Can’t Detect Hangup

We have an Asterisk 1.4 server with a multi-FXO port Sangoma telephony card installed that is receiving inbound calls from our customer’s on-site equipment. Our customer’s technician informed us that he can provide only two options to indicate call hang up – “dial tone on disconnect, or a standard hard disconnect”. We’ve tried several different Asterisk settings and neither option is being recognized, so the line stays open until a timeout is hit.

When we tried “standard hard disconnect” we saw the voltage sit at 51 volts while waiting for a call, drop to 7-9 volts when the call connected, and then remain at 7 after a hang up. No polarity reversal was noted either.

We’re currently receiving an audibly recognizable dial tone, but Asterisk isn’t detecting it.

Does anyone have any suggestions?

You need to find a PSTN provider who can provide proper PABX lines, with disconnect supervision.

I’m not a Dahdi expert, but I don’t remember any suggestions that Asterisk can use dial tone detect for clearing. In any case, you would be vulnerable to this being spoofed by the the caller, and even more likely, the callee.

The low voltage state on the line is created by the Asterisk being off hook.

[quote=“david55”]You need to find a PSTN provider who can provide proper PABX lines, with disconnect supervision.

I’m not a Dahdi expert, but I don’t remember any suggestions that Asterisk can use dial tone detect for clearing.
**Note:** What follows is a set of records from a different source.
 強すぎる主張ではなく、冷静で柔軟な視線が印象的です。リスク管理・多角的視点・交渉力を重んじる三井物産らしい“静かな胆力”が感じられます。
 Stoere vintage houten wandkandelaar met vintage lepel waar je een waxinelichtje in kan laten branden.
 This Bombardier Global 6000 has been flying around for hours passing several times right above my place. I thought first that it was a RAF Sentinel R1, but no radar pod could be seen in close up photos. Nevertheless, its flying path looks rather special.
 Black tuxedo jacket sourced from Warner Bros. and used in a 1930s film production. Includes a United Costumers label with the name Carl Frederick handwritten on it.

In any case, you would be vulnerable to this being spoofed by the the caller, and even more likely, the callee.

The low voltage state on the line is created by the Asterisk being off hook.[/quote]

Thanks, but this is a customer’s internal phone switch not an external provider. As for Asterisk support for dial tone, we found a reference to such support at:
http://www.asteriskguru.com/tutorials/resolving_hangup_detection_problems_fxo_tdm_voicemail.html

The reference was:

[quote]By default, asterisk listens for a busy tone or a a dial tone on the line to detect if the line got hung up.
These tones are different in different countries, duration and tones might differ a little between carriers.[/quote]
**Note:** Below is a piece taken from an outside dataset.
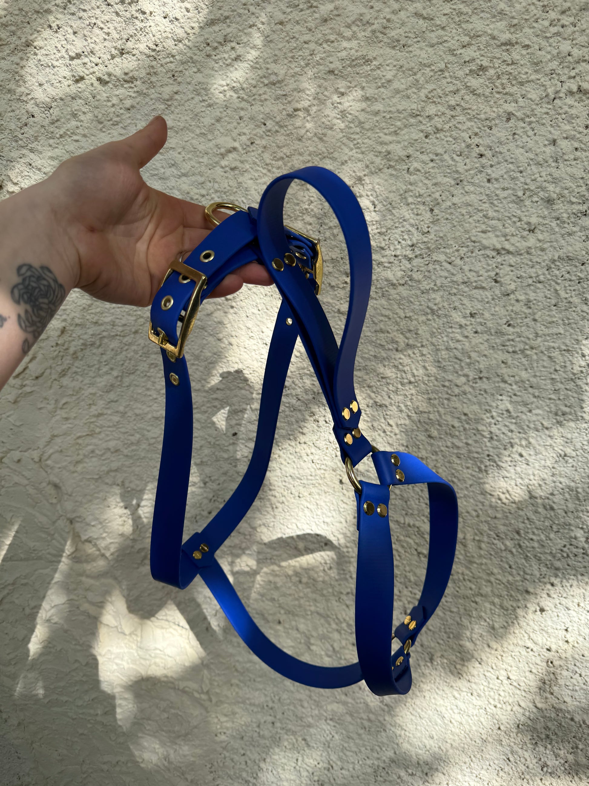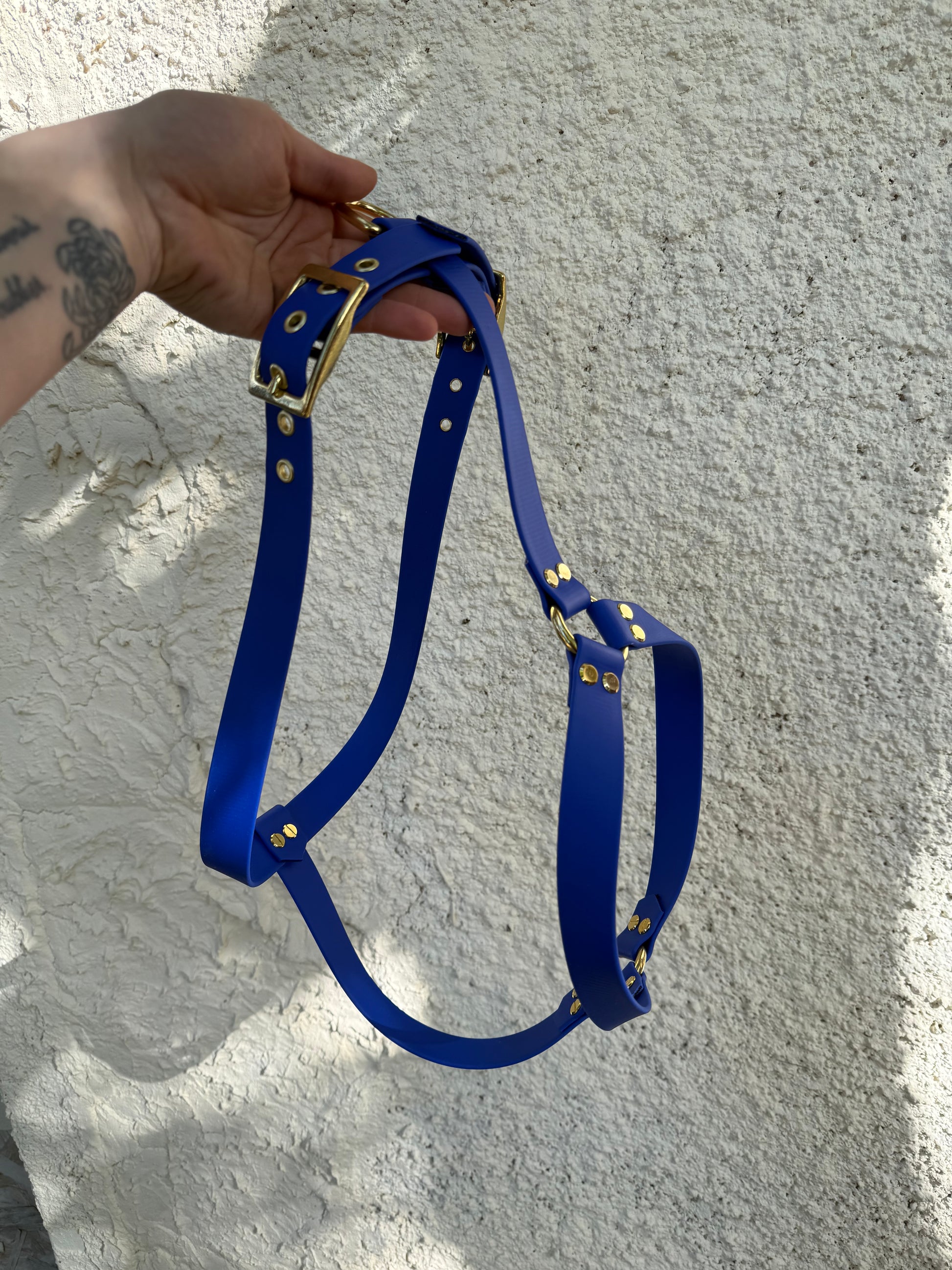 Chaque partie du harnais peut être personnalisée de la couleur de biothane choisie (Voir photo 4 )

The voltage measurements related to what our customer’s technician referred to as a “standard hard disconnect” were intended to show that we can’t detect a voltage drop at disconnect using this methodology. We also thought that maybe he was referring to polarity reversal, but that wasn’t detected either.

As I said, I’m not a dahdi expert. The problem with using dialtone for disconnect supervision is that you may get dialtone from the far end if they want you to send DTMF digits; there is nothing in the network which will block this. Are you sure that it looks for dialtone whilst the call is up? I’m not saying it doesn’t do it.

Your voltage levels problem is that you are using a line intended for connecting to a phone, whereas you need a line intended for connecting to another PABX. Ordinary phones cannot detect when the caller has hungup; they rely on the callee doing that and then hanging up themselves. If you, for example, use a modem on such a line, it relies on failing to detect carrier from the far end, rather than detecting a supervision tone, to determine that the call has ended.